PROBLEM DETAILS:
In the records below, repeat exactly the lines between the line holding "xenobitz shares a" and the line holding "Our Easy order", inclusive, and drop the pictures.

DATASET CONTENT:
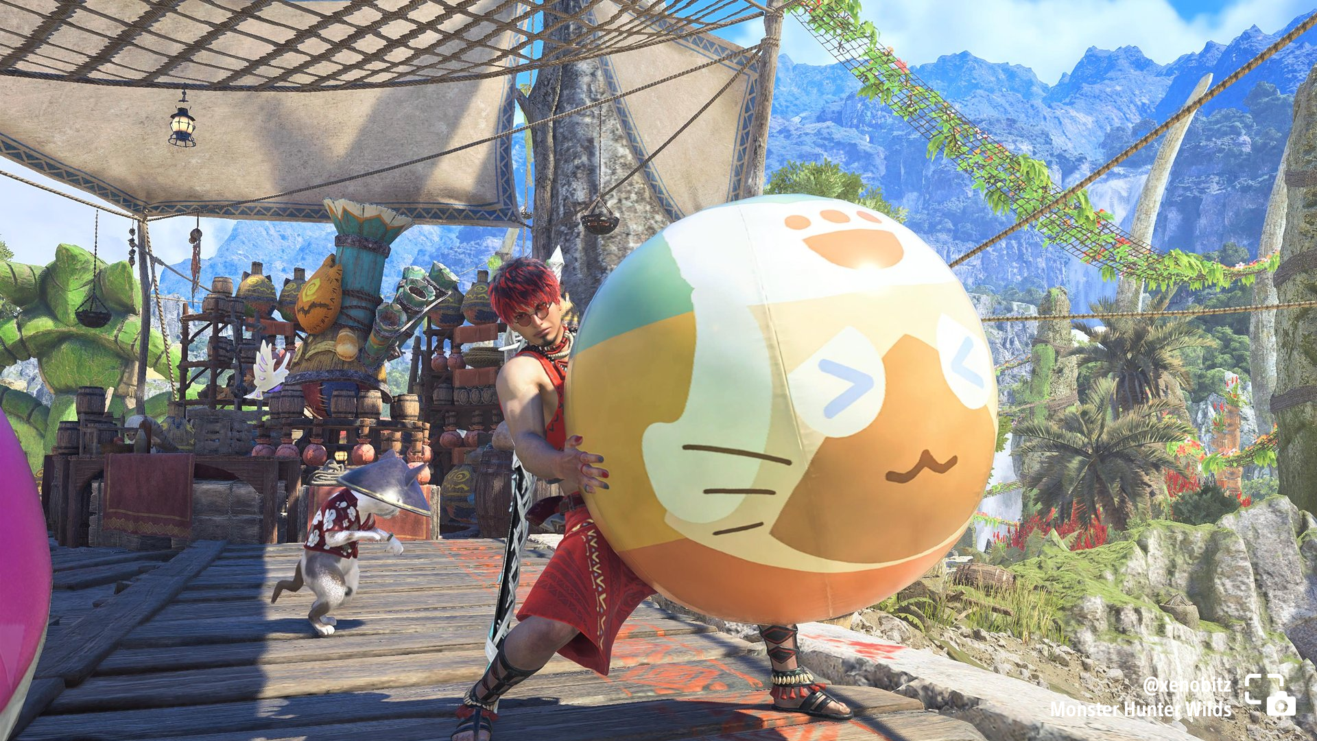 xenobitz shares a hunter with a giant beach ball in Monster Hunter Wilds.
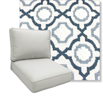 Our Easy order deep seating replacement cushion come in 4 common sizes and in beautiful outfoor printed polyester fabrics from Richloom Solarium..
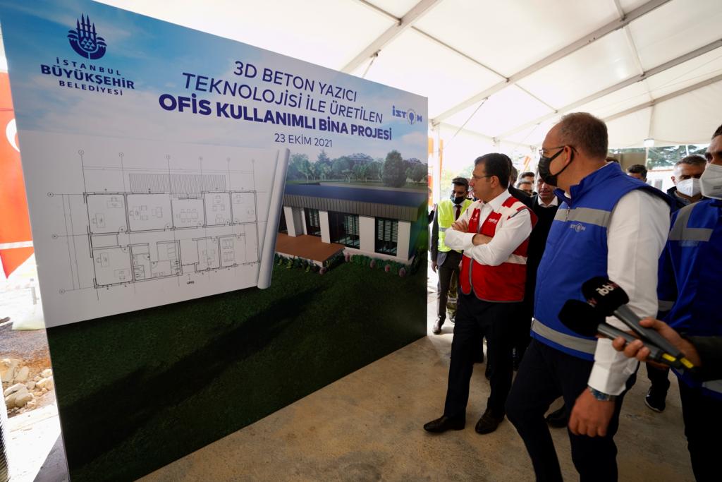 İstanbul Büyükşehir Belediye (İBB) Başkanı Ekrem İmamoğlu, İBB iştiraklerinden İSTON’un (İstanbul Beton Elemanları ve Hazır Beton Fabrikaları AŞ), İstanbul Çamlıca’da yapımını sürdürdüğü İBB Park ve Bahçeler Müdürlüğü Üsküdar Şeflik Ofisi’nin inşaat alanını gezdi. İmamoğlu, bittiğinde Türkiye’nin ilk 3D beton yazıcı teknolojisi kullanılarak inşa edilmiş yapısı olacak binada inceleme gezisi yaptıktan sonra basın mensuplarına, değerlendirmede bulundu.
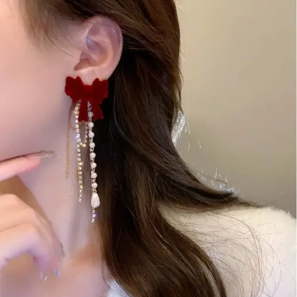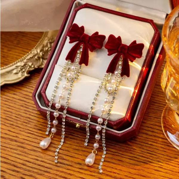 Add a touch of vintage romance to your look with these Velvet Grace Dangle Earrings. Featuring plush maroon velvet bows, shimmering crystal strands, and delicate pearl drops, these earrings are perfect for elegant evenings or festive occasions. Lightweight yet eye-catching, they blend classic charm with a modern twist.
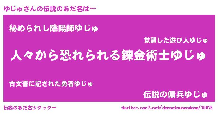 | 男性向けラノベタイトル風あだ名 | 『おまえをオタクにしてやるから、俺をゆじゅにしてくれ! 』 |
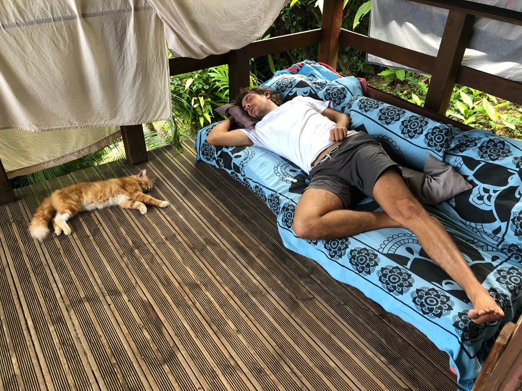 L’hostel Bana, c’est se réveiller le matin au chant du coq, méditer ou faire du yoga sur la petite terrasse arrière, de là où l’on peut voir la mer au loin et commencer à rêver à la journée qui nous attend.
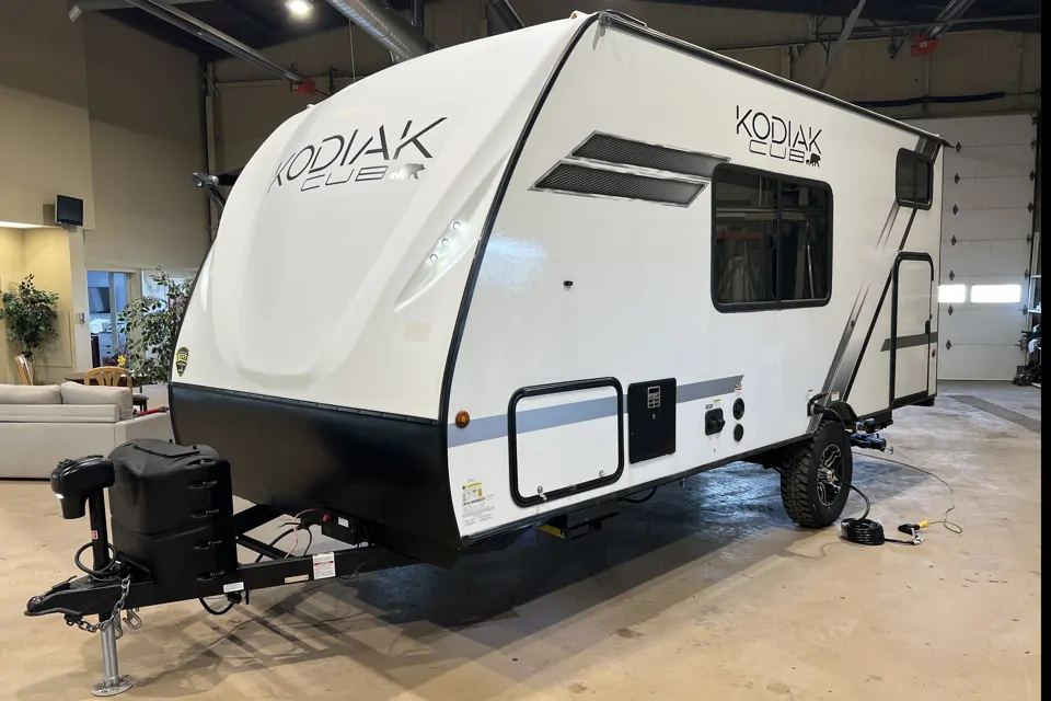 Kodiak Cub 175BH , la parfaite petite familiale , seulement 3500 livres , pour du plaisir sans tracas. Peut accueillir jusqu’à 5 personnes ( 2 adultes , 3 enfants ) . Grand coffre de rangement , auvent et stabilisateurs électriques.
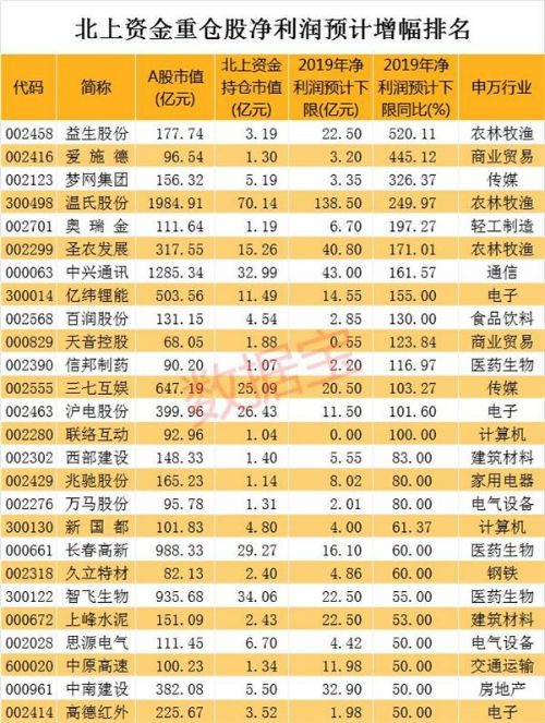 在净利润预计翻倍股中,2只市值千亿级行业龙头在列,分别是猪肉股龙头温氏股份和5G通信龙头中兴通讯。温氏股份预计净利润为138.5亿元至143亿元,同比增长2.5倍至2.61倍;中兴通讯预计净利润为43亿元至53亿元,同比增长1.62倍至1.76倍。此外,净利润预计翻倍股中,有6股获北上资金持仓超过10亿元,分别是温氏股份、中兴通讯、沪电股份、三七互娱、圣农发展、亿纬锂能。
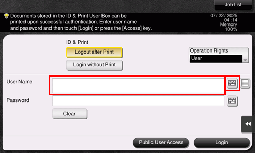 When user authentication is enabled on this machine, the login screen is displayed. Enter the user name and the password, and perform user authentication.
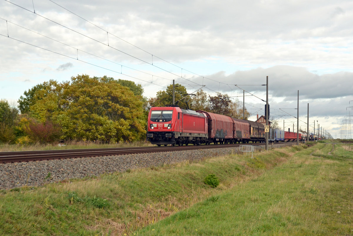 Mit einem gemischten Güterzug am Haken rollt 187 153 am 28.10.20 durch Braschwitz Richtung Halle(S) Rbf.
==
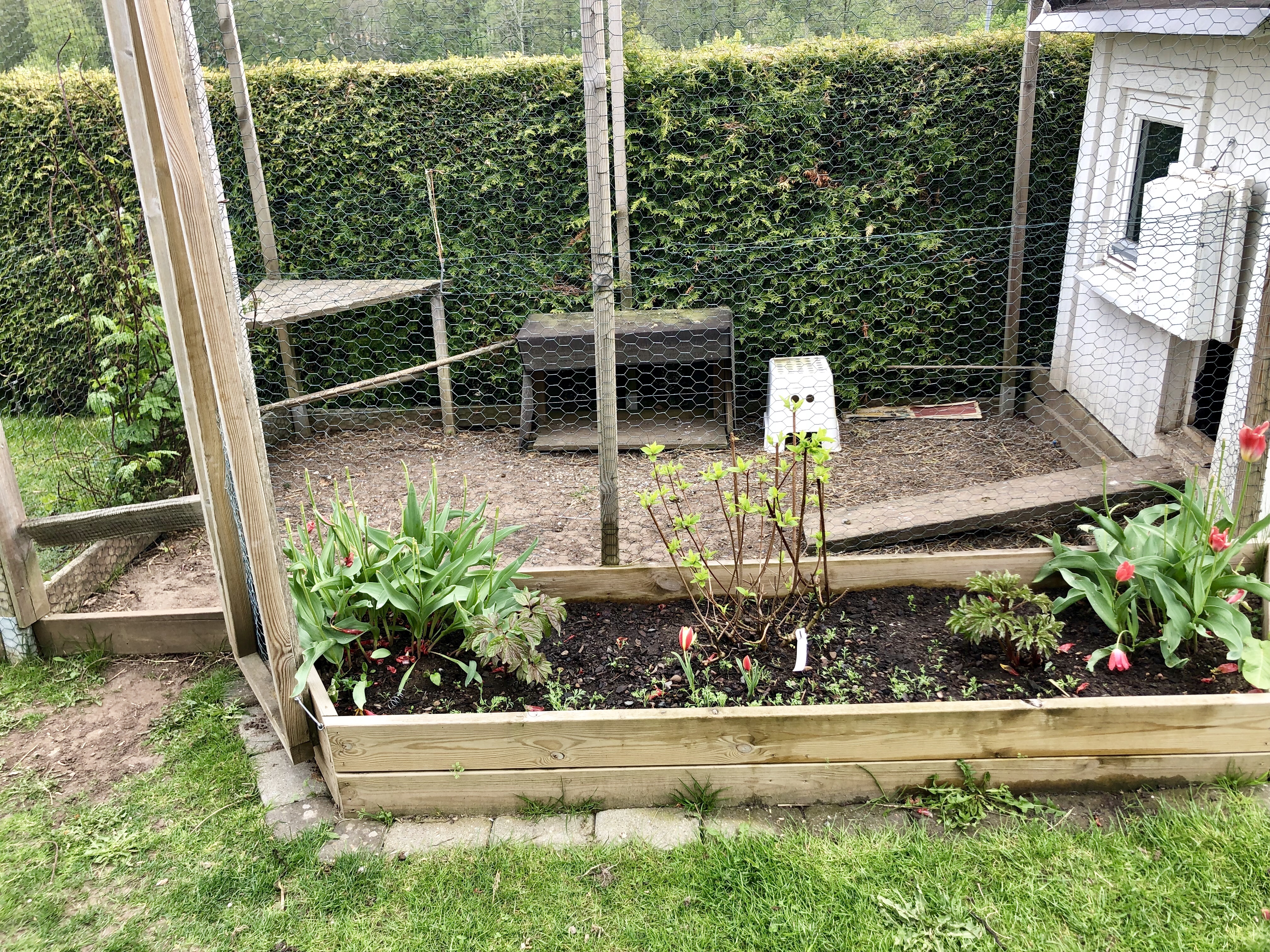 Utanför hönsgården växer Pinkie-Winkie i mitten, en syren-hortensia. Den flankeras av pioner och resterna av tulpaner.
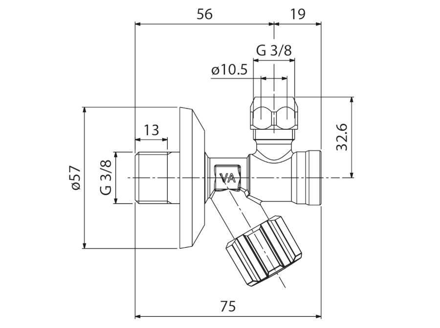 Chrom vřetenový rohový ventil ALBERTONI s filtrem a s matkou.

OUTPUT FOR THIS EXERCISE:
 xenobitz shares a hunter with a giant beach ball in Monster Hunter Wilds.
 Our Easy order deep seating replacement cushion come in 4 common sizes and in beautiful outfoor printed polyester fabrics from Richloom Solarium..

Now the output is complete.